┌─ Exercise data

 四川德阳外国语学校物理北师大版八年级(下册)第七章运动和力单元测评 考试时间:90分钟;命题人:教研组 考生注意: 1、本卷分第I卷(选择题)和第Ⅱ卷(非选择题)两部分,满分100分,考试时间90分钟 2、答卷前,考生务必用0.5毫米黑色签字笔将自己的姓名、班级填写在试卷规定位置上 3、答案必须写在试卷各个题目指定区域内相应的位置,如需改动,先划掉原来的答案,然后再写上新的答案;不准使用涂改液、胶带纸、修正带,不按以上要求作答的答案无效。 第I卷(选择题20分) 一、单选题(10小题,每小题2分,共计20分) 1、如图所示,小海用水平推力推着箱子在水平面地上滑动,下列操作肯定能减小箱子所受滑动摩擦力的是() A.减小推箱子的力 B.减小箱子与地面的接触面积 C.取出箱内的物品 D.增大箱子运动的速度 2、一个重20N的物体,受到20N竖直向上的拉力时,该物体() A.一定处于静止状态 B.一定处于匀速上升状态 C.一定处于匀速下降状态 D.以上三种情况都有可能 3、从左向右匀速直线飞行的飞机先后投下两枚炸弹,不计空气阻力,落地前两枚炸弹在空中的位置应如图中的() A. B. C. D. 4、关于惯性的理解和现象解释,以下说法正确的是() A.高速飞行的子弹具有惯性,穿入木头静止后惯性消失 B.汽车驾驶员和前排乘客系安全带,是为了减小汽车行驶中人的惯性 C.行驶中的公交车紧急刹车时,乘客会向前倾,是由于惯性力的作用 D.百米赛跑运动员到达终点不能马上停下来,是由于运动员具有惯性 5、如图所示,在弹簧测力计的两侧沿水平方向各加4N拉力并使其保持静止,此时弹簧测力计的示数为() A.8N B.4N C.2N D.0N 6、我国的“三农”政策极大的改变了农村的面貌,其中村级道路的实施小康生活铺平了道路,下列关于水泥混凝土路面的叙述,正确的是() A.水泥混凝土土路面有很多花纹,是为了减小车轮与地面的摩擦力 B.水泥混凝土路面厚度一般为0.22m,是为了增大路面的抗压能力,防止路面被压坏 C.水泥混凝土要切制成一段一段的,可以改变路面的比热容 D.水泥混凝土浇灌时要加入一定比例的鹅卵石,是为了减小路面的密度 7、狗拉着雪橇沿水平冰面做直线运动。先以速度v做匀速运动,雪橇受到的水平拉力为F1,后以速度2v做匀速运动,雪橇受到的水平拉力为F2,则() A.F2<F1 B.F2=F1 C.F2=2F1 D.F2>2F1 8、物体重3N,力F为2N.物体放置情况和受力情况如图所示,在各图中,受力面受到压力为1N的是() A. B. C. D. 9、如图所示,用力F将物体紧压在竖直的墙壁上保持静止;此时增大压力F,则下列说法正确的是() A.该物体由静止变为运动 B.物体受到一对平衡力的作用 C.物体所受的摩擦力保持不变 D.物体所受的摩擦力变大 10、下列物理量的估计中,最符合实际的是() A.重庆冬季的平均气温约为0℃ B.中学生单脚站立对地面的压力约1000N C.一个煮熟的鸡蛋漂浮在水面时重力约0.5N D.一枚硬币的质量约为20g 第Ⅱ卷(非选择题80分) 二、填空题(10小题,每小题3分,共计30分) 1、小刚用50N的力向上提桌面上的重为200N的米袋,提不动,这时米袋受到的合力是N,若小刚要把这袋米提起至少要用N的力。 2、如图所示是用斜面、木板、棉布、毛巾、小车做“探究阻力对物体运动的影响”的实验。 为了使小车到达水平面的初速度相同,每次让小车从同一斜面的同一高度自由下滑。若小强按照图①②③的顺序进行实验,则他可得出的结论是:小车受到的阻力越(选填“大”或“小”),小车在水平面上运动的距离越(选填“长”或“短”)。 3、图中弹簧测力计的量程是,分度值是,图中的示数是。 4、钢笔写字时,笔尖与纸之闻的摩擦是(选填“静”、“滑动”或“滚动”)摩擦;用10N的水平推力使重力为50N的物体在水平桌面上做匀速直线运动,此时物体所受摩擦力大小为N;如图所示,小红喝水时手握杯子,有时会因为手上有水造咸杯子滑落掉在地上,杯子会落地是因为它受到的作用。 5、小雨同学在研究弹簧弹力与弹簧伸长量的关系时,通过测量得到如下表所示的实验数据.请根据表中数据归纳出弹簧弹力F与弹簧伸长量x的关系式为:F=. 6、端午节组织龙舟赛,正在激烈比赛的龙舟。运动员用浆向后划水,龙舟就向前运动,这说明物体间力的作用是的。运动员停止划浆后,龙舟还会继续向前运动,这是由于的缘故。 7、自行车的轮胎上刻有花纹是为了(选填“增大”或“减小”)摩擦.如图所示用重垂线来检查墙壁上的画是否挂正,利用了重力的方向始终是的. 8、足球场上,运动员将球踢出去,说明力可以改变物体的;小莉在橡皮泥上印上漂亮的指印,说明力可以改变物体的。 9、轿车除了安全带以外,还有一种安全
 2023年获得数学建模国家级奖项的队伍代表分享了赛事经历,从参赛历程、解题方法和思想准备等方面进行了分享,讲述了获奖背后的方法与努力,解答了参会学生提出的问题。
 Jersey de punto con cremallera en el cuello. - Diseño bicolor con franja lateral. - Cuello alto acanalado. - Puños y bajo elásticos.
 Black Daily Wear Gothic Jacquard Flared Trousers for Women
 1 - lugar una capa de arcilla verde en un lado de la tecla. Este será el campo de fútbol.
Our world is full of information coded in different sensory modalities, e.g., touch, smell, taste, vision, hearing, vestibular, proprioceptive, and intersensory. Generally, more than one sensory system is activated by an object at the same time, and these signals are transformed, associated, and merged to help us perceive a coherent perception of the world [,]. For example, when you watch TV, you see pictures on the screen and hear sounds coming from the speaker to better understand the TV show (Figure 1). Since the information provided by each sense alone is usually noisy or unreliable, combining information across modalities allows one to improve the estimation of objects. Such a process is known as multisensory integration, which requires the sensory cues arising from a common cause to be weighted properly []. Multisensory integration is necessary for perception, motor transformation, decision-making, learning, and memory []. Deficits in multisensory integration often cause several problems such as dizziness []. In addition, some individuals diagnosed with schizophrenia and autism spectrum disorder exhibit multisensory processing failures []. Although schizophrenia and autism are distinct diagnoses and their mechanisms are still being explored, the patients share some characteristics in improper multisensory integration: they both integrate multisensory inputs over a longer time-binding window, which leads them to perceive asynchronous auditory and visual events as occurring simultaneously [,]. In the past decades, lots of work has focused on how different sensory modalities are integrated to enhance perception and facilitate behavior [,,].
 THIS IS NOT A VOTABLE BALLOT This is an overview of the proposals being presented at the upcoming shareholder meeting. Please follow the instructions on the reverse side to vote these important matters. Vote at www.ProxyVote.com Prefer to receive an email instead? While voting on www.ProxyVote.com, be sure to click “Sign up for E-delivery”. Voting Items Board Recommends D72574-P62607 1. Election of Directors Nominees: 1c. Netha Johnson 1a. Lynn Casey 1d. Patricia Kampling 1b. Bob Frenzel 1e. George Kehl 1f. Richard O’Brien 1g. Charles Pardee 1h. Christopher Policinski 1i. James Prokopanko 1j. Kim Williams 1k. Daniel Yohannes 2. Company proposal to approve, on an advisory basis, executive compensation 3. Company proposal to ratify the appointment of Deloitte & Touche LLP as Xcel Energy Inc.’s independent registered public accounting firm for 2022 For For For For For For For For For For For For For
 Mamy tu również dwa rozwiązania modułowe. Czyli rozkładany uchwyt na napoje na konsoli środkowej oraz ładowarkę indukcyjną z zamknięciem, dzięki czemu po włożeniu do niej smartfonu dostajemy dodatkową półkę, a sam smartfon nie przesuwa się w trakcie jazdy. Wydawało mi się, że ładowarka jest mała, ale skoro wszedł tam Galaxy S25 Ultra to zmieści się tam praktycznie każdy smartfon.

└─

From the data above, output only the lines between the line containing "Black Daily Wear" and the line containing "1 - lugar una", inclusive, exactly as written.

 Black Daily Wear Gothic Jacquard Flared Trousers for Women
 1 - lugar una capa de arcilla verde en un lado de la tecla. Este será el campo de fútbol.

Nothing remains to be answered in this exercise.